WORK INSTRUCTIONS: From the records that follow, return exactly the lines beginning at the one that contains "Los policías que" and ending at the one that contains "縁石の形をしたガラスブロック=edge blockで、バス停をつくる。", pictures left out.

EXERCISE DATA:
━━━━

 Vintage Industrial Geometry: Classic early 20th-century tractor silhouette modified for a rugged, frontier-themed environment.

━━━━

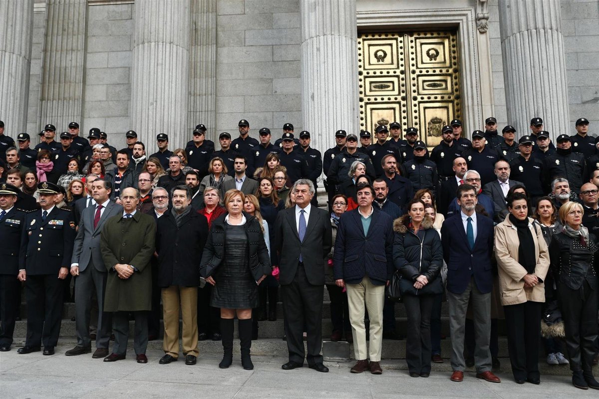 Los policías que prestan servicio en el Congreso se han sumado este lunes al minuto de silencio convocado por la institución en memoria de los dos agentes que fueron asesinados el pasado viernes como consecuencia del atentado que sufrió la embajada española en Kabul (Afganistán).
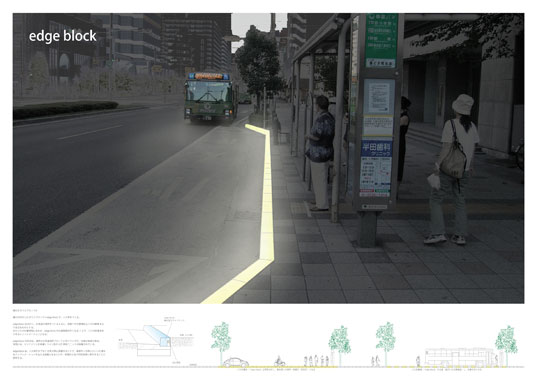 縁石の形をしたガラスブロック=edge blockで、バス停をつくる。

━━━━

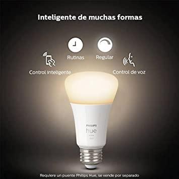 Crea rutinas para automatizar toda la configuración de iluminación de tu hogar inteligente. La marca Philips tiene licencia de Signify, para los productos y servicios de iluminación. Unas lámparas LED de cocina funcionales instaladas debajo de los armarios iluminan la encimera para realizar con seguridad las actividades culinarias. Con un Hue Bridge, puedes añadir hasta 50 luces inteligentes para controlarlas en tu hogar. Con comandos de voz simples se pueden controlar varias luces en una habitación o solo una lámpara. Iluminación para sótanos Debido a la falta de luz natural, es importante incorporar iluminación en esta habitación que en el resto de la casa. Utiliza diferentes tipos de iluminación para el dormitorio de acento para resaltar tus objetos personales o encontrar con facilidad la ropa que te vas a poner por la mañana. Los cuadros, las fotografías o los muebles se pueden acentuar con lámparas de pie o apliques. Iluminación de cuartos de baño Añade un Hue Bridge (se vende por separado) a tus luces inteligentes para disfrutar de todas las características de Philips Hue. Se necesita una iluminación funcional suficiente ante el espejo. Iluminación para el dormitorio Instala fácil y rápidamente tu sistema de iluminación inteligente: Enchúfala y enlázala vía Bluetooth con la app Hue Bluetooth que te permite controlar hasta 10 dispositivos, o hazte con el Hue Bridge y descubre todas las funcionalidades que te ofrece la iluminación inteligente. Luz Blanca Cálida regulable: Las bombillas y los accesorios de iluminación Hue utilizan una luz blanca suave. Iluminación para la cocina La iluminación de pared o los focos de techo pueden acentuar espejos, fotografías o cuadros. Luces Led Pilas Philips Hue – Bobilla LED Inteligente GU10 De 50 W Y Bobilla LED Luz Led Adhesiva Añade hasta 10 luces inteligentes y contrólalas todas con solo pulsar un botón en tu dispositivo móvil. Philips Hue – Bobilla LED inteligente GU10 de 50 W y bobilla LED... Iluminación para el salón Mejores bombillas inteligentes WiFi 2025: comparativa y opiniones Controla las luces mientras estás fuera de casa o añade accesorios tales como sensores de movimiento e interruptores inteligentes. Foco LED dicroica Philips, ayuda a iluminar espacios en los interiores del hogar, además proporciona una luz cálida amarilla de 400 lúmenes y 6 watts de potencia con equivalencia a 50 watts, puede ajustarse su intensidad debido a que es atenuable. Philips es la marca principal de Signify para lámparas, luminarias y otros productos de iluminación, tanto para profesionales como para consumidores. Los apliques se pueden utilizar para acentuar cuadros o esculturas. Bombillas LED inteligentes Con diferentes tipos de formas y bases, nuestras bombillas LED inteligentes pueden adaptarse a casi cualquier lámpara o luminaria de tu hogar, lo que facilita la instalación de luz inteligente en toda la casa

━━━━

YOUR RESPONSE:
 Los policías que prestan servicio en el Congreso se han sumado este lunes al minuto de silencio convocado por la institución en memoria de los dos agentes que fueron asesinados el pasado viernes como consecuencia del atentado que sufrió la embajada española en Kabul (Afganistán).
 縁石の形をしたガラスブロック=edge blockで、バス停をつくる。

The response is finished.